Tarım toplumlarının avcı toplayıcıları yok etmesinin ardında, belirlilik yer alıyorduysa, evliliğin ortakçı ilişkileri ortadan silmesinde de belirlilik rol oynamıştır. Evlenmek insanın hayatındaki belirsizlikleri azaltan ve düşüncesini, enerjisini daha verimli, kendisi ve içinde yaşadığı toplum için daha faydalı işlere yönelten bir kurumdur. Karşı cinsin ilgisini çekmeye çabalamak önemli bir enerji sarfiyatı getirir ve bunu hayatının bir döneminde değil, her döneminde yapmaya, az sayıda kişi için değil, herkes için yapmaya çalışmak önemli bir zaman ve enerji kaybı doğurur. Eğer insan kendini kime beğendirmesi gerektiğini biliyorsa, enerjisinin ufak bir kısmıyla onu mutlu edebilir ve geri kalan kısmını da hayatın diğer taraflarına ayırır.

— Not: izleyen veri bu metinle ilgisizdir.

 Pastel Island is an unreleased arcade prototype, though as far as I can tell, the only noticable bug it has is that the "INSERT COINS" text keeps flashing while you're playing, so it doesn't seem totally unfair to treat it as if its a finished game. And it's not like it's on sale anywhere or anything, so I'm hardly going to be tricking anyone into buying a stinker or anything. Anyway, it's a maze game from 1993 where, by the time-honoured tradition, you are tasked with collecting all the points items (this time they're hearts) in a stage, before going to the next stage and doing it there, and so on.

Monogami yok olacak diyen, bu sebeple yanlış bir hesap yapıyor. Bu hesabın yanlış olduğunu da en bariz şekilde, evlilik dışı ilişkilerin de neticede bir ilişki olması gösteriyor zaten. İnsanların geneli, evlenmese bile partnerlerinin belirli olmasını tercih ediyor.

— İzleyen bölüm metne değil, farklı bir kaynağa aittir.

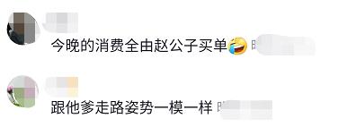 还有网友观察更仔细,称:“跟他爹走路姿势一模一样。”
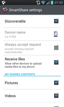 Если вы не хотите пользоваться USB кабелем или не устанавливали в телефоне карту microSD, то у вас есть возможность воспользоваться приложением SmartShare, которое передает данные через беспроводные сети, подключаясь к другим медиаустройствам, включая компьютеры, ноутбуки, планшеты и телевизоры, которые поддерживают эту технологию. Хотя приложение вполне понятно и просто для использования, необходимо дополнительное время, чтобы программное обеспечение телефона и другого медиаустройства опознали друг друга.
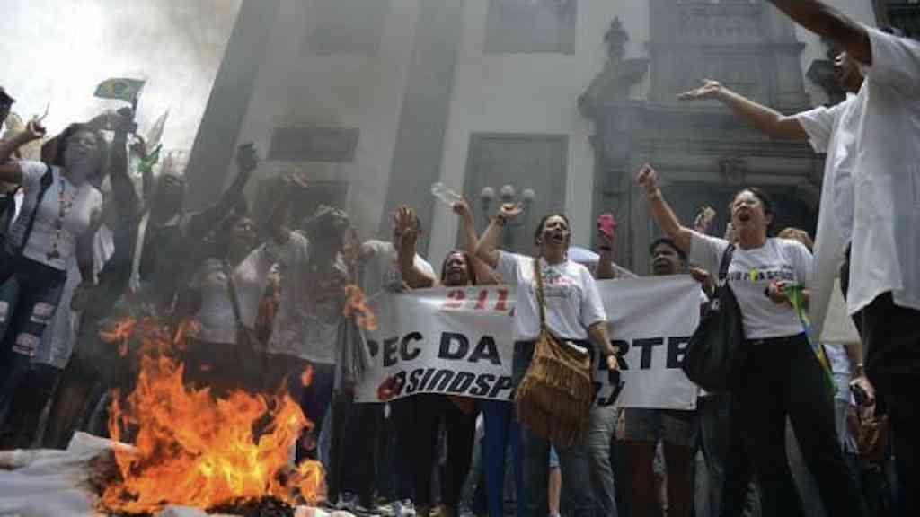Enquanto a Alerj discutia os projetos, servidores protestavam contra as medidas do lado de fora. A manifestação ocorria tranquila, do lado de fora. Até que um grupo de manifestantes forçou a derrubada de uma grade e subiu na escadaria. A Força Nacional usou bomba e spray de pimenta para conter o protesto.
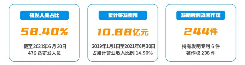 截至2021年6月30日,吉比特拥有研发人员476名,占员工总数的58.4%;在2019年、2020年及 2021年1-6 月研发费用分别为 3.32 亿元、4.31 亿元、3.25 亿元,累计研发费用10.88亿元,并持有发明专利6件,著作权238件。

Zamanımızın derdi, insanların çok eşli olmaya değil, hiç eşli olmaya yönelmesi. İnsanlar ertesi gün ne isteyeceğini bilmedikleri bir partner yerine, türlü çeşit eğlenceyle vakit geçirebiliyor. Philip Zimbardo son yıllarda genç erkeklerde önemli ölçüde bir asosyalleşme ortaya çıktığını ve karşı cinsle herhangi bir iletişim kurmak yerine zamanlarını oyuncaklarıyla geçirmeyi tercih ettiklerini anlatıyordu. Bu daha önemli ve bariz bir trend. Yalnızlık çok daha derin ve etkili bir hastalık olarak yayılıyor ve değerli fütüristimiz Aubrey de Grey ne diyor? Monogaminin yok olması duvarda yazılı diyor. Hangi duvarda?
Bunu yazdıktan sonra daha zayıflarına da rastladım, Freud'ün bilinçdışını keşfetmesini anlatan bir psikiyatri profesörününkü iyice tırttı. Biraz daha okuyup kitabı bıraktım zaten, meşhurlardan tırt yazılar ismiyle daha müsemma olur, tek hedefinin para kazanmak olduğunu ifşa edebilirdi.